Looks like B&H and Adorama are applying the rumored Canon price increases. Many lenses have gone up a decent amount. I noticed that their Macro flashes have also increased.


----------



## kubelik (Jan 29, 2011)

guess we'll have to see what it all looks like once spring rebates roll around... it'll probably just take certain lenses back to their pre-hike levels


----------



## Isurus (Jan 29, 2011)

That is my guess as well. It seem to usually work that way. I was kind of surprised by the flash price hike. Almost $800 for the MT-24EX macro flash seems a bit absurd, especially since it is quite outdated technology. Nikon's far superior wireless macro flash system is significantly cheaper.


----------



## Flake (Jan 30, 2011)

Isurus said:


> That is my guess as well. It seem to usually work that way. I was kind of surprised by the flash price hike. Almost $800 for the MT-24EX macro flash seems a bit absurd, especially since it is quite outdated technology. Nikon's far superior wireless macro flash system is significantly cheaper.



I wonder if you've used the Nikon system?
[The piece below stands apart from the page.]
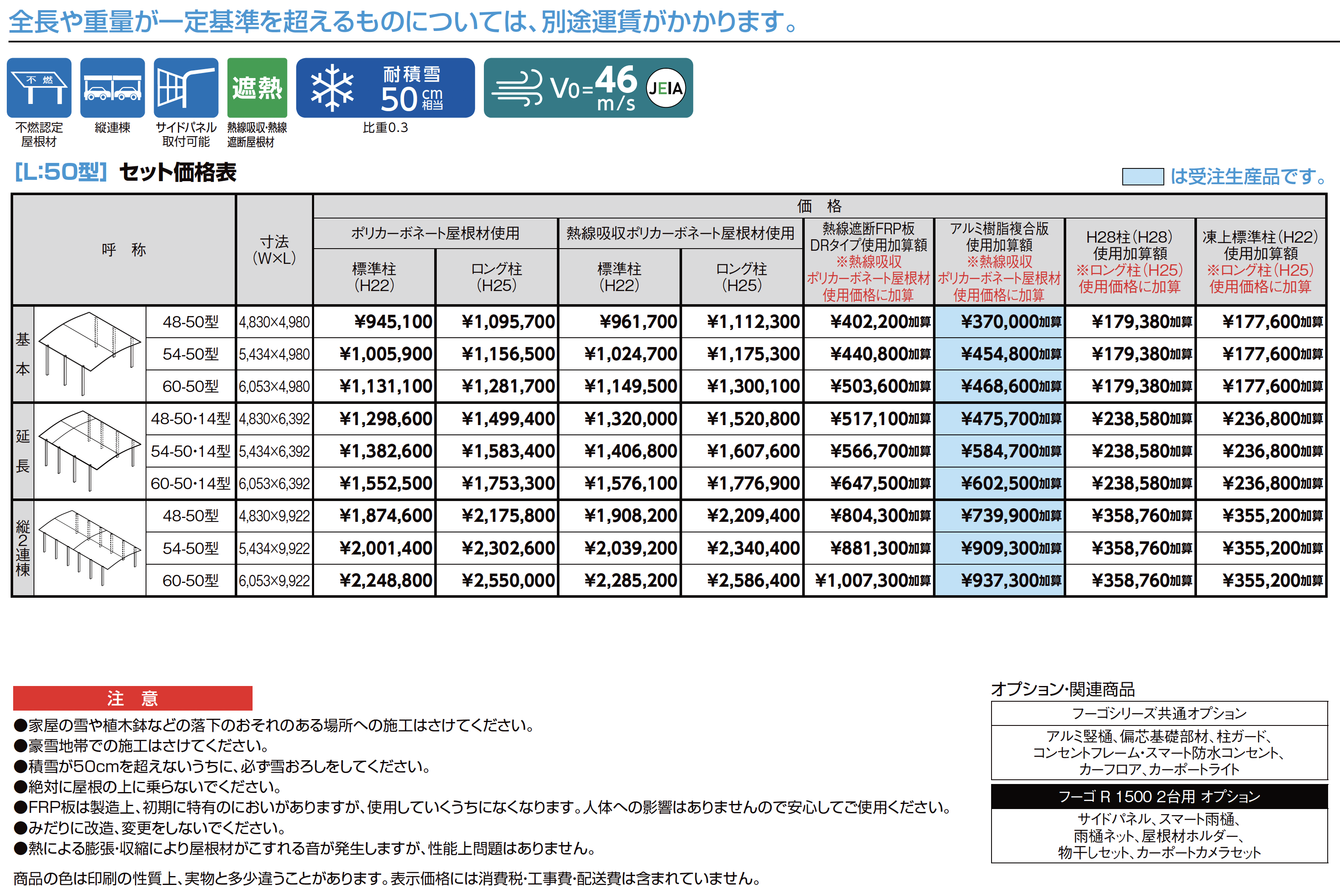 | 強度 | 耐積雪50cm相当 基準風速V0=46m/s |

Firstly of course Nikon doesn't have a competitor to the MP-e 65mm so it's sole use is for Macro, and it seems an awful lot of money to spend when you can illuminate with a conventional flash.

The other issue it has is two flash heads which both need independant battery power this is provided by very expensive non rechargeable Li specialised units, it also means the heads are much larger and weigh! This flash system absolutely cannot be used with extending lenses like the Sigma or Tamron as the focus motor will burn out. They struggle with the relatively lightweight Canon system.

I tried (& failed) to find a guide number for these units, but Nikon don't seem to quote one, several sources say it can only be used for macro, so I assume that they aren't very powerful.

Be careful what you wish for! At first sight Nikon might seem to have a better system, but when you dig a little deeper it's not all it appears to be.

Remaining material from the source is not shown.